**Work required**
Within the records that follow, restate exactly the lines from the line with "The Registry welcomes" down to the line with "These striking pumps", including both. Omit the pictures.

**Data for review**
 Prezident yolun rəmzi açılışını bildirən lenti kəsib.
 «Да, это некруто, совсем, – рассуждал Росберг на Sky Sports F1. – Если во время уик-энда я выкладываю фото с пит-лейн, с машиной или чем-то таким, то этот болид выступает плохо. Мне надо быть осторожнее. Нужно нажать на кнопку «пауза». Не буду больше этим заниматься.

* * *

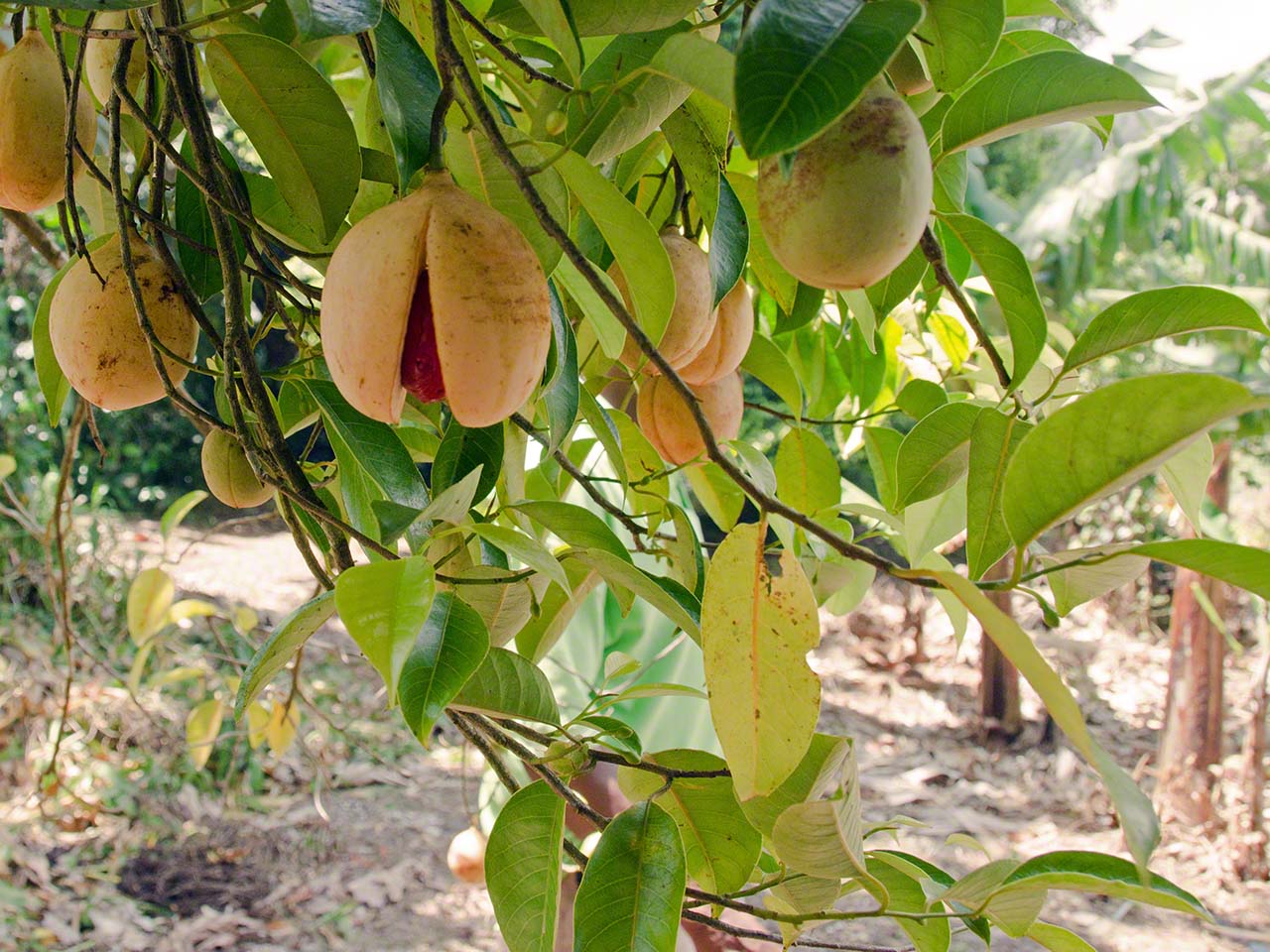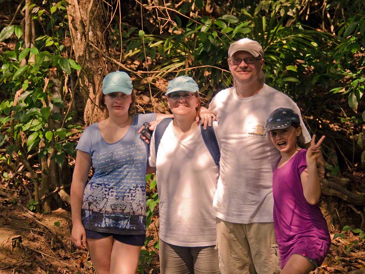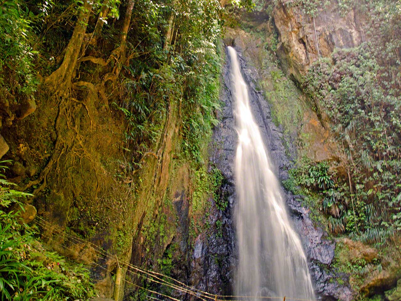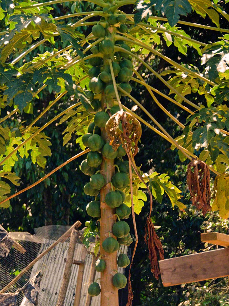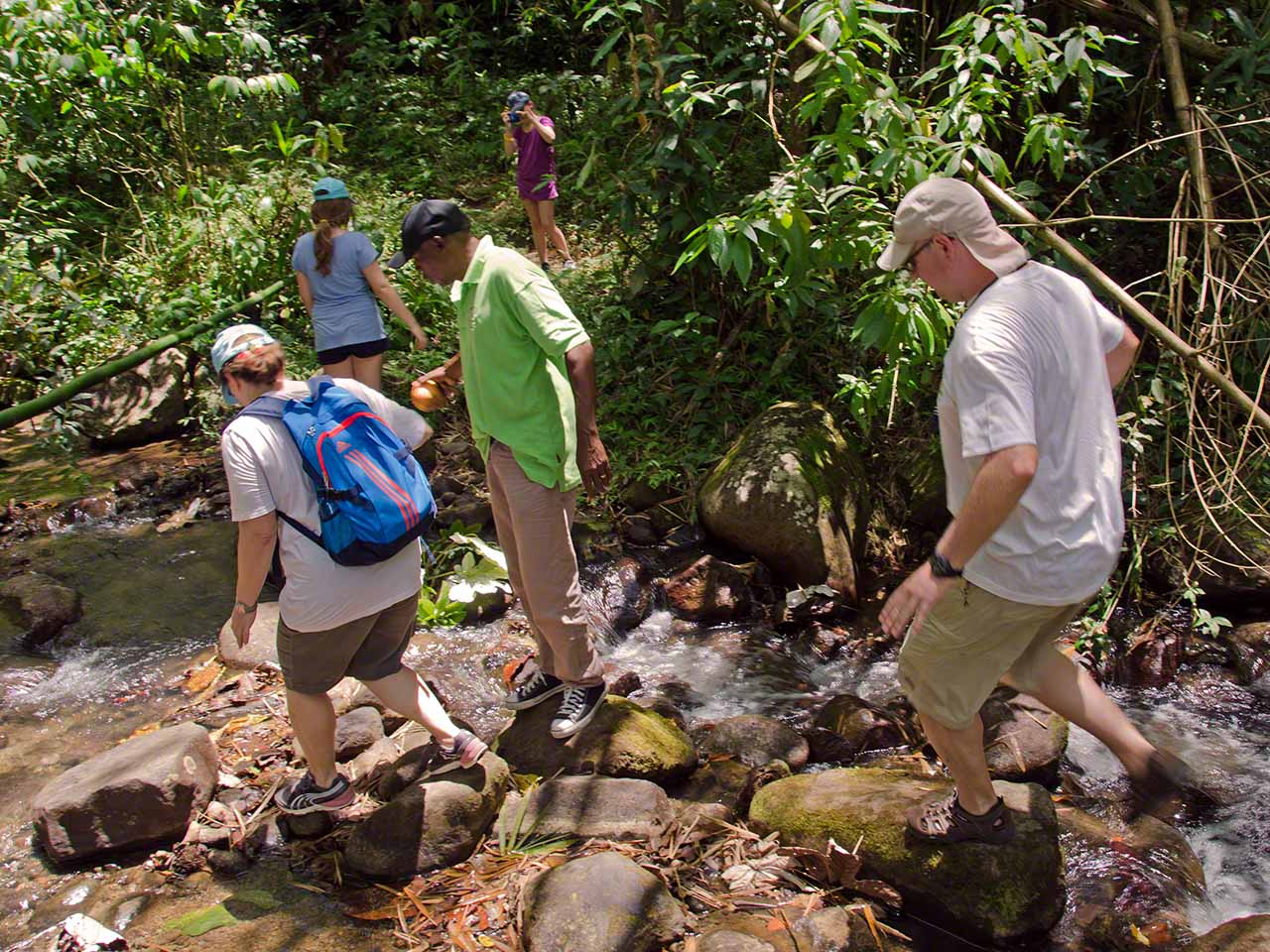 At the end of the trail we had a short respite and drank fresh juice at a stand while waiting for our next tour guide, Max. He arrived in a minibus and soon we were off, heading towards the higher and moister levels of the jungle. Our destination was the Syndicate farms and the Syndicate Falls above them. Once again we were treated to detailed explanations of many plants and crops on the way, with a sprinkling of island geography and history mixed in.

---

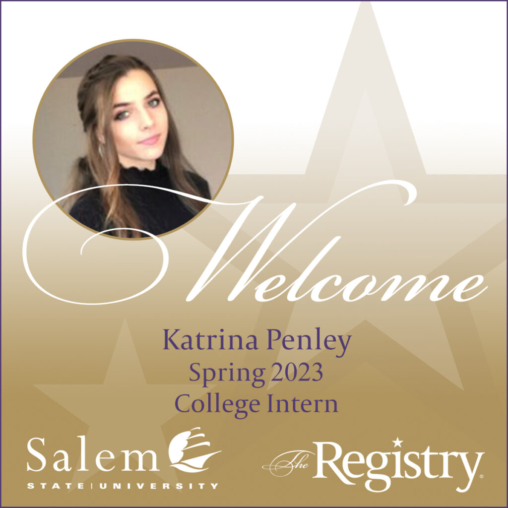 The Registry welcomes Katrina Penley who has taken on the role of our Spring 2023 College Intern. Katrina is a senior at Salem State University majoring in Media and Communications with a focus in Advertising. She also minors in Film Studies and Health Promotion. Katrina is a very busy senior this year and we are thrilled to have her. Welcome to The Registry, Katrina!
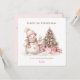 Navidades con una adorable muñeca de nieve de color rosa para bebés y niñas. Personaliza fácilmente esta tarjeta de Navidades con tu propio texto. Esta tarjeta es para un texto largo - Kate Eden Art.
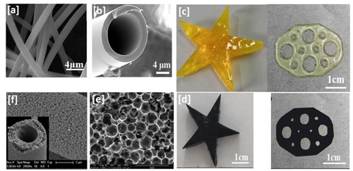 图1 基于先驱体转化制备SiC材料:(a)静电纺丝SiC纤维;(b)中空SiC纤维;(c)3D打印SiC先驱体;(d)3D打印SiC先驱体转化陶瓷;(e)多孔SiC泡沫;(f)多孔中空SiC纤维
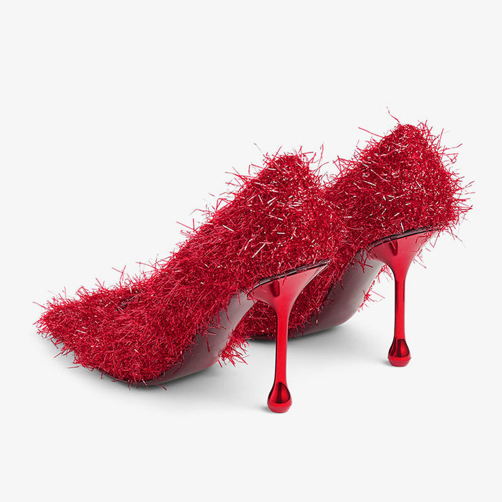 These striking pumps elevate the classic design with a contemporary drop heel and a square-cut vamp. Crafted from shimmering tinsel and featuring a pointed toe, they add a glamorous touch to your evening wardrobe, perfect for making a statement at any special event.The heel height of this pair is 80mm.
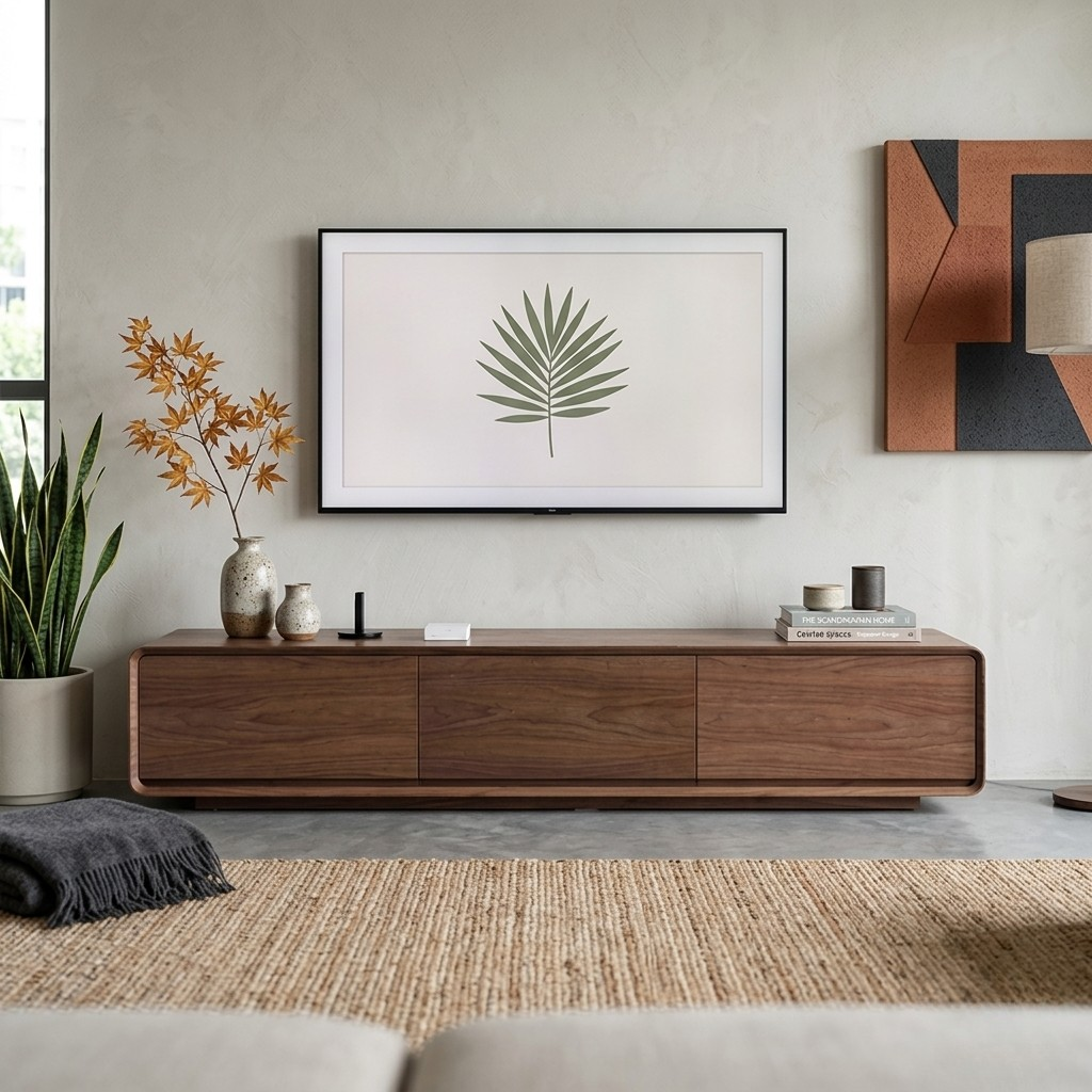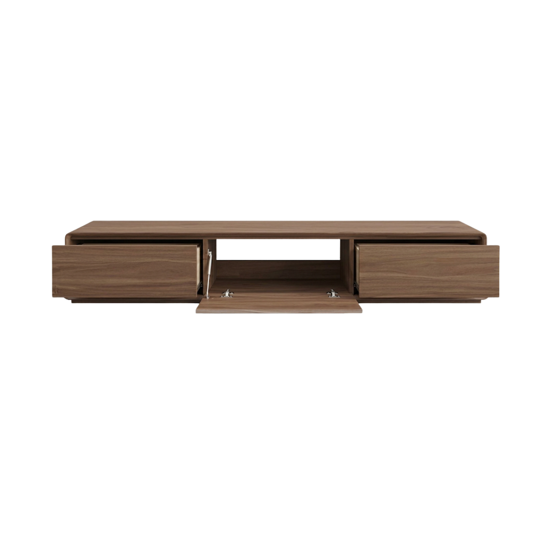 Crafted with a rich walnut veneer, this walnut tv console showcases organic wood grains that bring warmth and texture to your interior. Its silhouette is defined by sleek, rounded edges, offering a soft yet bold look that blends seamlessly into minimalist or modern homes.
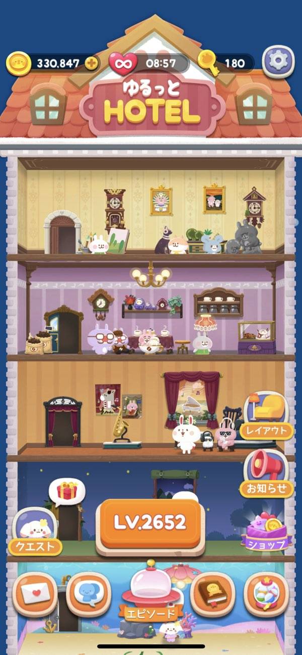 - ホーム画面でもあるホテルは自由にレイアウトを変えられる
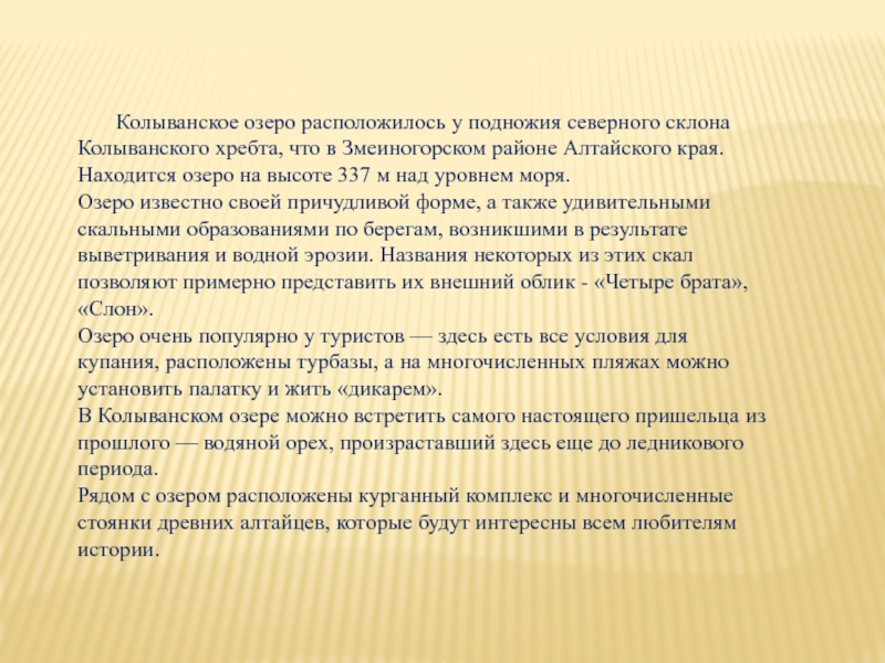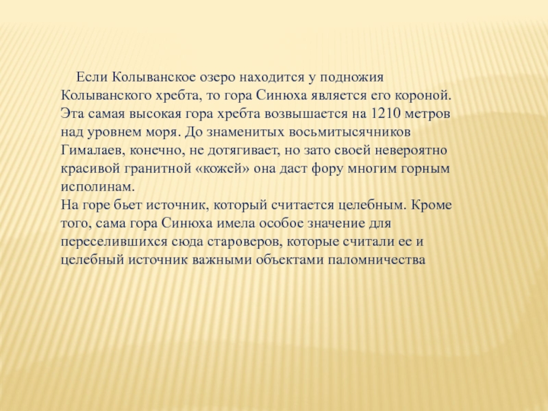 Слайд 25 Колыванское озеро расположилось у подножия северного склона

**The answer**
 The Registry welcomes Katrina Penley who has taken on the role of our Spring 2023 College Intern. Katrina is a senior at Salem State University majoring in Media and Communications with a focus in Advertising. She also minors in Film Studies and Health Promotion. Katrina is a very busy senior this year and we are thrilled to have her. Welcome to The Registry, Katrina!
 Navidades con una adorable muñeca de nieve de color rosa para bebés y niñas. Personaliza fácilmente esta tarjeta de Navidades con tu propio texto. Esta tarjeta es para un texto largo - Kate Eden Art.
 图1 基于先驱体转化制备SiC材料:(a)静电纺丝SiC纤维;(b)中空SiC纤维;(c)3D打印SiC先驱体;(d)3D打印SiC先驱体转化陶瓷;(e)多孔SiC泡沫;(f)多孔中空SiC纤维
 These striking pumps elevate the classic design with a contemporary drop heel and a square-cut vamp. Crafted from shimmering tinsel and featuring a pointed toe, they add a glamorous touch to your evening wardrobe, perfect for making a statement at any special event.The heel height of this pair is 80mm.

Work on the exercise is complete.